OpenShift provides a built-in network solution called Open vSwitch. This is a VXLAN--based software-defined network stack that can easily be integrated into RedHat's other products. There is some support for third-party network plugins, but they are limited and much harder to support.

Application deployment

Kubernetes takes the approach of being as flexible as possible when deploying applications to the cluster, allowing users to deploy any Linux distribution they choose, including supporting Windows-based images and nodes. This is because Kubernetes is vendor-agnostic.

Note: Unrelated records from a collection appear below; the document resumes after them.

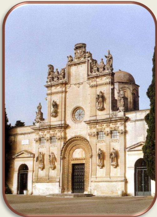
Chiesa dei SS. Niccolò e Cataldo. Lecce

La sezione di Geografia svolge attività di ricerca e didattica su tematiche ambientali e culturali, anche legate al turismo, e più spesso promosse da accordi/convenzioni stilati con enti pubblici e privati.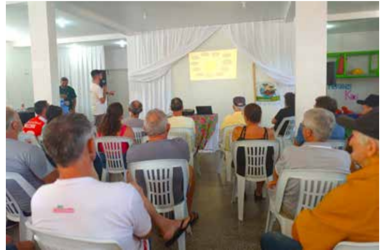
Núcleo da Rede Ecovida

O tema das derivas será novamente abordado na primeira plenária de 2025 do núcleo, no dia 11 de março.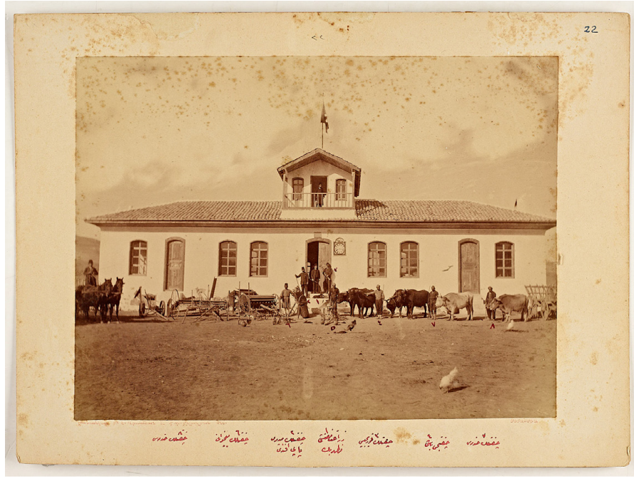
Ziraat müfettişi; Çiftlik hademesi; Çiftçiabaşı; Çiftlik bahçıvanı; Çiftlik korucusu.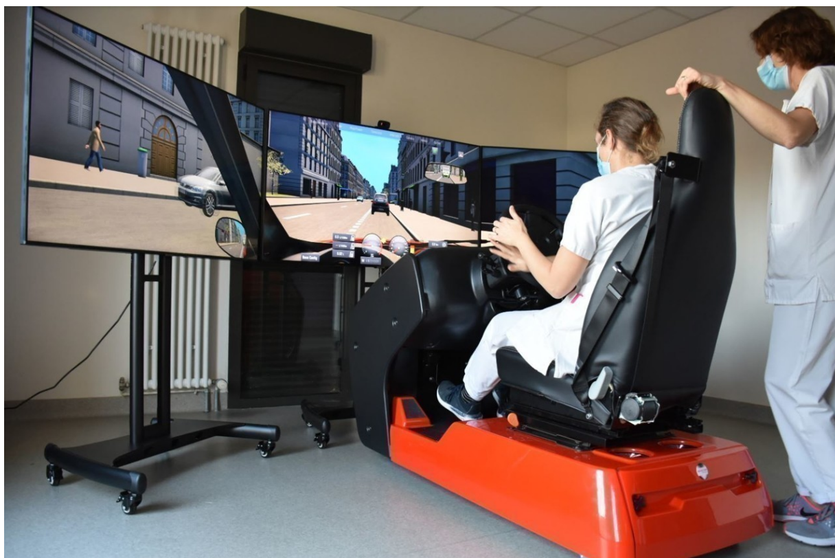
Un simulateur automobile au centre de rééducation de Dreux.

Dans un futur proche, le centre aimerait accueillir et soigner des sportifs de haut-niveau.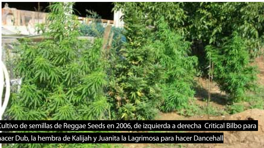
Cultivo de semillas de Reggae Seeds en 2006, de izquierda a derecha Critical Bilbo para hacer Dub, la hembra de Kalijah y Juanita la Lagrimosa para hacer Dancehall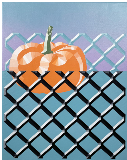
La pêche miraculeuse , 2023 Acrylique sur toile 40 x 30 cm

De l'imaginaire de Francisco Da Mata, naissent trois toiles autour de la table. Au menu, la fraîcheur des saveurs, un festin des sens. Un Apéro solo (sans alcool) , La grande caprese et La pêche miraculeuse sont autant d'invitations suspendues où s'entremêlent l'art d'un langage séduisant. En dessinant le programme d'un repas estival, apparaît le rouge vif de la tomate, une mozzarella crémeuse, l'éclat d'un verre, ou le vert d'une olive et du basilic. Les couleurs se rencontrent avec délice. Elles exhalent la saveur de ses toiles. L'artiste convertit même le fruit en source divine et miraculeuse. Francisco nous régale. Il éveille notre âme gourmande et complice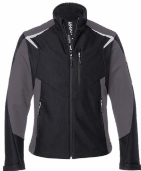
Schwarz | Anthrazit 1625 5374-9997 XS - 4XL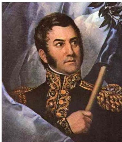
José de San Martín (1778 – 1850) Argentina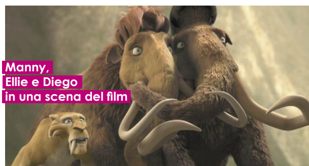
Manny, Ellie e Diego in una scena del film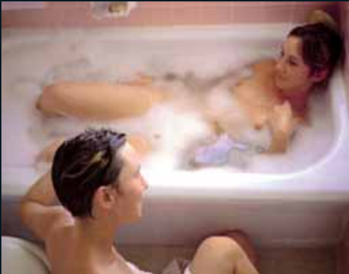
Obr. 94, Kelli Connell, Bubblebath , 2002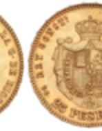
527 350 €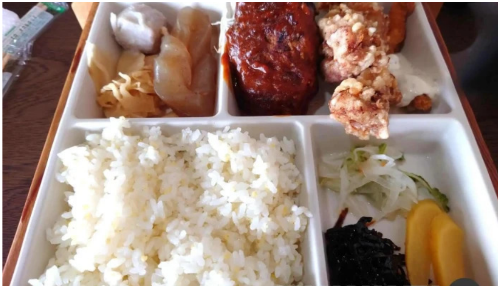
グリルかかし 弁当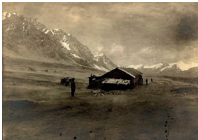
Fig.6: Campamento de arriba, American Vanadium Company-Mina Ragra, 1911.

auge minero. De acuerdo con lo investigado por Gómez, la importancia del cobre en el mercado internacional hizo inminente una estación del ferrocarril en esta localidad. Una vez inaugurada la Estación de la Esperanza en 1904, la Cerro de Pasco Mining Company ganó mayor presencia, incentivando su expansión, en 1906, a través de la compra de las principales minas de Morococha, (Pérez, 1997). De ese modo, como ha indicado Flores Galindo (1993), la Compañía se convirtió en un poder de facto, más fuerte que las autoridades locales, colocando sus intereses por encima de la población.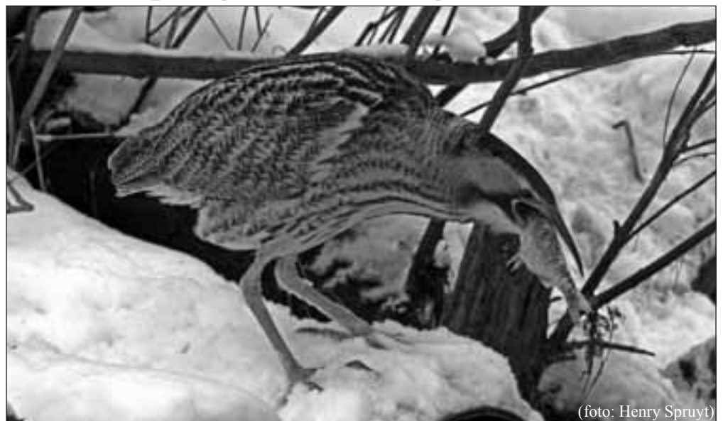
* Roerdomp op Makkumer Noardwaard

Makkum - Zoals afgelopen week al in deze krant te lezen was is Vogelwacht op diverse locaties in Makkum en omgeving aan het bijvoeren. Op de Makkumer Noardwaard wordt ook gevoerd en wel met vis, specifiek voor de kwetsbare Roerdomp. Deze reigerachtige komt

OpenShift takes the approach of standardizing the whole stack on RedHat products such as RHEL for the node's operating system. Technically, there is little to nothing to stop OpenShift from running on other Linux distributions such as Ubuntu. Additionally, Openshift puts limits on the types of container images that are allowed to run inside the cluster. Again, technically, there isn't much preventing a user from deploying an Ubuntu image on the Openshift cluster, but they will most likely run into issues around supportably.

Security

Kubernetes had a built-in tool for pod-level security called Pod Security Policies (PSPs). PSPs were used to enforce limits on pods such as blocking a pod from running as root or binding to a host's filesystem. PSPs were deprecated in v1.21 due to several limitations of the tool. Now, PSPs are being replaced by a third-party tool called OPA Gatekeeper, which allows all of the same security rules but with a different enforcement model.

OpenShift has a much stricter security mindset, with the option to be secure as a default, and it doesn't require cluster hardening like Kubernetes.

Summary

In this chapter, we learned about Rancher's history and how it got its start. Following this, we went over Rancher's core philosophy and how it was designed around Kubernetes. Then, we covered where Kubernetes got its start and its core philosophy. We then dived into what the core problems are that Kubernetes is trying to solve. Finally, we examined the pros and cons of Kubernetes, Docker Swarm, and OpenShift.

In the next chapter, we will cover the high-level architecture and processes of Rancher and its products, including RKE, K3s, and RancherD.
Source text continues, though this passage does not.